Objective: The overarching goal of Project Studying Maintenance and Adoption in Real Time (SMART) is to determine the motivational processes that regulate behavioral adoption versus maintenance over microtimescales, using a dual process framework combined with ecological momentary assessment and sensor-based monitoring of behavior. This paper describes the recruitment, enrollment, data collection, and analytics protocols for Project SMART.

Methods: In Project SMART, older adults engaging in at least 30 minutes of moderate-to-vigorous intensity PA per week complete 3 data collection periods over 1 year, with each data collection period lasting 14 days. Across each data collection period, participants wear an ActiGraph GT3X accelerometer (ActiGraph, LLC) on their nondominant waist and an ActivPAL micro4 accelerometer (PAL Technologies, Ltd) on their anterior thigh to measure PA and SB, respectively. Ecological momentary assessment questionnaires are randomly delivered via smartphone 10 times per day on 4 selected days in each data collection period and assess reflective processes (eg, evaluating one’s efficacy and exerting self-control) and reactive processes (eg, contextual cues) within the dual process framework. At the beginning and end of each data collection period, participants complete a computer-based questionnaire to learn more about their typical motivation for PA and SB, physical and mental health, and life events over the course of the study.
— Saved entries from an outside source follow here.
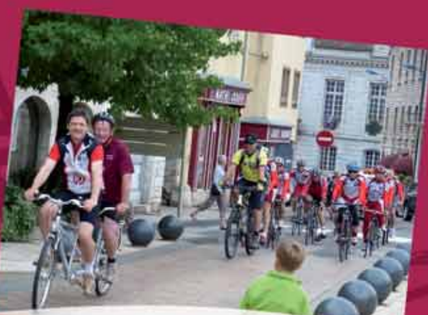
Arrivée à Baume-les-Dames de la 23 ème Ronde de l'espoir, randonnée cycliste collectant des fonds contre le cancer
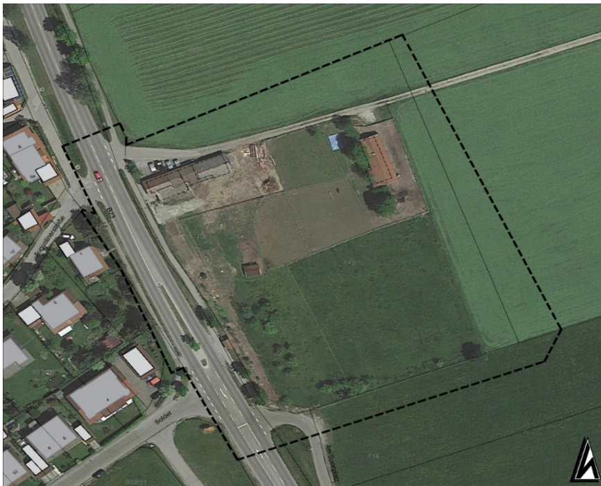
Abbildung 1. Lage des Plangebiets.

Im Landkreis Weilheim-Schongau plant die Gemeinde Rottenbuch die Errichtung eines zukunftsfähigen Nahversorgungszentrums mit einem EDEKA-Vollsortimenter. Das Versorgungszentrum ist mit 1200 m 2 geplanter Verkaufsfläche als großflächiger Einzelhandel einzustufen. Zusätzlich ist der Bau eines Feuerwehrhauses (Flur-Nr. 112/1) vorgesehen. Parallel dazu ist auf dem Gelände die vorübergehende Aufstellung einer Containerschule vorgesehen.
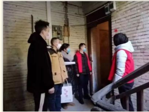
进家入户开展走访排查

仅用 40 小时开发疫情信息报告系统服务国内多地政府监控疫情、协助邳州民政开通养老服务热线电话问候关爱长者、组织党员职工成立服务队协助社区街道发放口罩、风雨兼程赴乐山街头为援鄂医疗人员家属送菜的智慧华川党员先锋队。
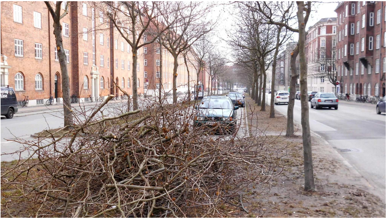
Beskæring på Strandboulevarden set fra hjørnet v/Randersgade
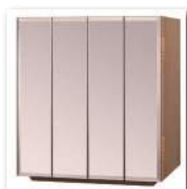
ミラー × タモ
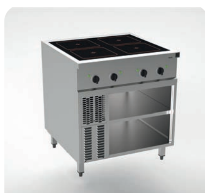
MH 200201 - Induktion 4x Rundspulen
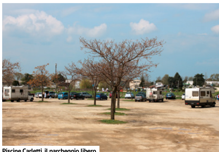
Piscine Carletti, il parcheggio libero
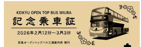
硬券型記念乗車証（イメージ）
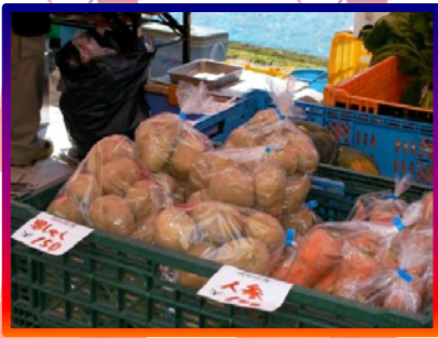
もちろん赤井川村の特産物も販売！

Results: Recruitment and enrollment began in January 2021; enrollment in the first data collection period was completed by February 2022; and all participants completed their second and third data collection by July 2022 and December 2022, respectively. Data were collected from 202 older adults during the first data collection period, with approximate retention rates of 90.1% (n=182) during the second data collection period and 88.1% (n=178) during the third data collection period. Multilevel models and mixed-effects location scale modeling will be used to evaluate the study aims.

Conclusions: Project SMART seeks to predict and model the adoption and maintenance of optimal levels of PA and SB among older adults. In turn, this will inform the future delivery of personalized intervention content under conditions where the content will be most effective to promote sustained behavior change among older adults.

International Registered Report Identifier (IRRID): DERR1-10.2196/47320

JMIR Res Protoc 2023;12:e47320

doi:10.2196/47320

Keywords



Background

By 2035, the number of older adults is expected to outnumber children for the first time in the United States [1]. As our society ages, strategies are needed to promote the health and well-being among older adults. Physical activity (PA) offers many physical and mental health benefits [2], yet adults aged ≥60 years are the least active and most sedentary segment of the population [3,4]. Accelerometer-derived data suggest that the average older adult engages in no more than 10 minutes of moderate-to-vigorous intensity PA per day [5]. In addition, most older adults spend 60% to 85% of their waking hours (approximately 9.4 hours each day) engaged in sedentary behavior (SB) [6]. Although short-term interventions have increased PA or decreased SB, individuals often struggle to sustain new behavior patterns in the long term [7,8]. The fact that interventions often fail to have enduring effects on long-term behavior change represents a substantial challenge to health promotion in older adulthood.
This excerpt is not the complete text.